Infine rimangono tutta una serie di casistiche particolari che non vengono considerate all’interno del PAI, PGRA come il rischio retro-arginale, problemi da insufficienza dei sistemi di drenaggio urbano, sottopassi stradali, malfunzionamento dei sistemi di bonifica, mareggiate, tsunami, fenomeni valanghivi..,etc.
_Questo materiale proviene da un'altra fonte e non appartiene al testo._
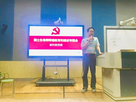 教育科学与技术学院党委随后接着召开了硕士生导师师德教育和建设专题会。林启词书记号召全体教职员工尤其是硕士生导师,要充分认识营造良好师德师风的重要性和紧迫性,牢固立德树人根本任务,以《新时代高校教师职业行为十项准则》为行为指导,努力当好“四个引路人”,争做“四有”好老师。此外,林启词特别强调我校对课堂教学管理的纪律要求,要求全体教师严守课堂教学纪律,为树立严谨的校风、教风和学风做贡献。

Per questa serie di problematiche, ricercatori e studiosi hanno iniziato a interrogare i metodi tradizionali ed a considerare un diverso approccio alla mappatura delle flood prone areas. Infatti se la pericolosità viene ottenuta con modelli idrologici-idraulici fisicamente basati, metodi che possono essere considerati concept driven in cui si studia il fenomeno e successivamente si formulano delle leggi. La suscettività, che verrà introdotta nel paragrafo successivo, è basata invece su un concetto emprical data driven, in cui dall’osservazione dei dati storici e del carattere geomorfologico, intrinseco del territorio, si estrae la legge del fenomeno (Solomatine, 2004).

3.2.3. Suscettività da alluvione con riferimento alla letteratura

Riprendendo la definizione di suscettività, essa quantifica la predisposizione di un territorio ad essere soggetto ad una calamità naturale in funzione della correlazione di fattori predisponenti, che influenzano l’evento, con la distribuzione degli eventi storici (Brabb, 1985).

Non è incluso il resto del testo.